Regeneron, following in Lilly’s footsteps, wins FDA emergency nod for COVID-19 antibody cocktail

Regeneronby Angus Liu | Nov 23, 2020 5:06am

Regeneron has won FDA emergency use authorization for its COVID-19 antibody cocktail, casirivimab and imdevimab, which was previously used by President Donald Trump. (Regeneron)

Regeneron’s COVID-19 antibody cocktail, one of the drugs President Donald Trump was given after he was infected with the SARS-CoV-02 virus, has been cleared for emergency use by the FDA. And, despite looming rollout of vaccines, one analyst still sees the therapy as a steady $1 billion-plus business.

The emergency use authorization (EUA) for REGN-COV2, a combination of monoclonal antibodies casirivimab and imdevimab, marks the second for an antibody therapy. The first one went to Eli Lilly’s bamlanivimab, which was given an EUA a few days ago.

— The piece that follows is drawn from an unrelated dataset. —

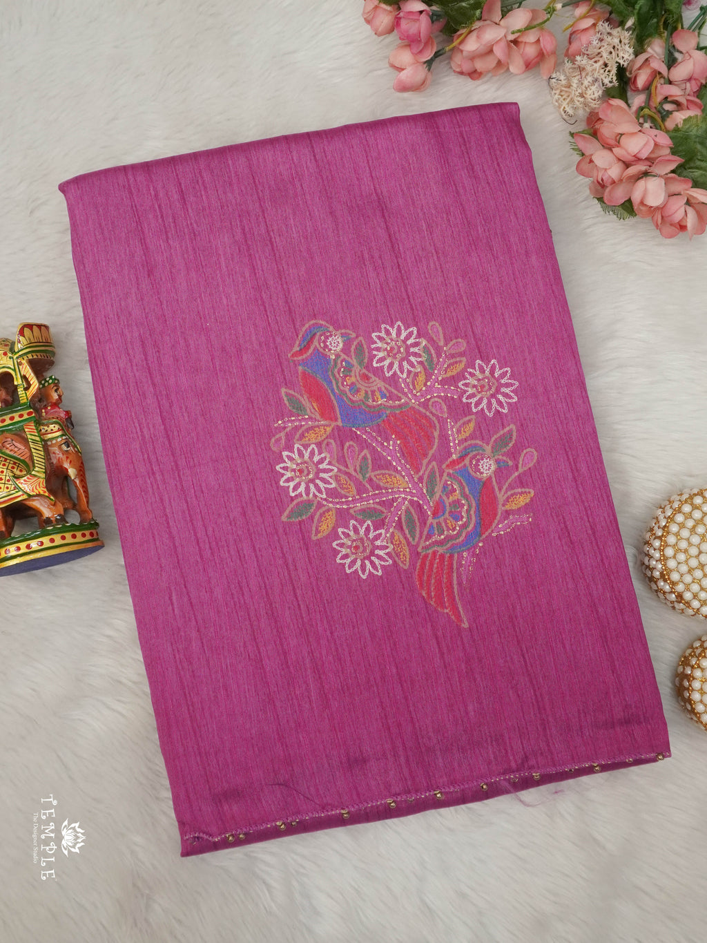 Work - This printed Tussar saree highlights the raw elegance of wild silk, adorned with artistic prints. Known for its breathable comfort and rich look, it is an ideal pick for sophisticated day wear.

Other than the difference that REGN-COV2 is a concoction of several drugs, while Lilly’s treatment contains only one drug, the two EUAs are almost identical; they are both for mild-to-moderate COVID-19 patients at least 12 years of age who are not hospitalized but are at high risk for progressing to severe COVID-19.

“The emergency authorization of these monoclonal antibodies administered together offers health care providers another tool in combating the pandemic,” Patrizia Cavazzoni, M.D., acting director of the FDA’s Center for Drug Evaluation and Research, said in a statement.

[huge_it_slider id=”15″]An FDA fact sheet details the criteria for determining “high-risk” patients. These include obese people with a body mass index of more than 35, older patients at or over 65 years of age, or people with underlying conditions such as chronic kidney disease, diabetes, cardiovascular disease or respiratory conditions, among others.

Data from a phase 1/2 study in 799 patients showed the cocktail could reduce viral load significantly better than placebo did. More importantly, there were lower rates of hospital visits among REGN-COV2-treated patients within 28 days. “This benefit was greatest in patients most at risk for poor outcomes due to high viral load, ineffective immune response at baseline or pre-existing risk factors,” George Yancopoulos, M.D., Ph.D., Regeneron’s chief scientific officer, said in a statement Saturday.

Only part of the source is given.